As the size of an empty room increases, the aliasing of the observed sensory sequences increase in the center of the room. This results in CSCG being not be able to learn a perfect graph — the graph quality will be degraded in the middle of the room in the sense that it will not resolve many of the aliased sensations into different clones. The degraded graph is still useful, but will have ‘lower resolution’ in the center. If you plot the place fields of the clones in the middle, just like how we did earlier, they will show an expanded field compared to the neurons that represent the corner or the periphery. In the periphery, aliasing will be elongated along the edge where identical observations happen, resulting in elongated place fields.

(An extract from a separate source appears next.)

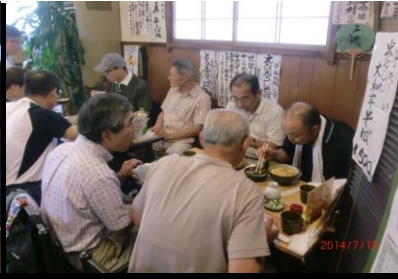
9445 親子丼も美味しい
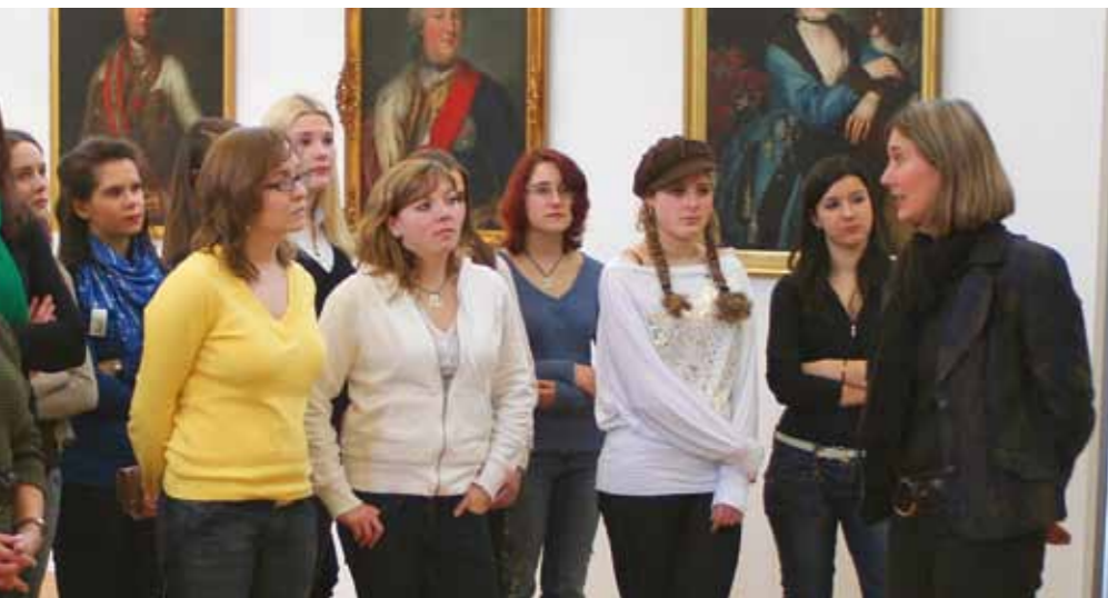
Au musée de la ville

A similar thing happens when two identical rooms are connected by an undifferentiated corridor. Learning often doesn’t recover the two rooms then, recovering only a graph like the one shown above. This will cause the place field to repeat in the identical rooms, in same relative positions.

Place field repetition in two identical rooms, and place field expansion in the center of an empty room happen for the same reason. Imperfect learning that result in aliased latent graphs. Expansion is same as repetition, just happening locally.

CSCG schemas for structure transfer

Although we didn’t cover this in detail in our paper, it is worth knowing how CSCG latent graphs can be used as schemas.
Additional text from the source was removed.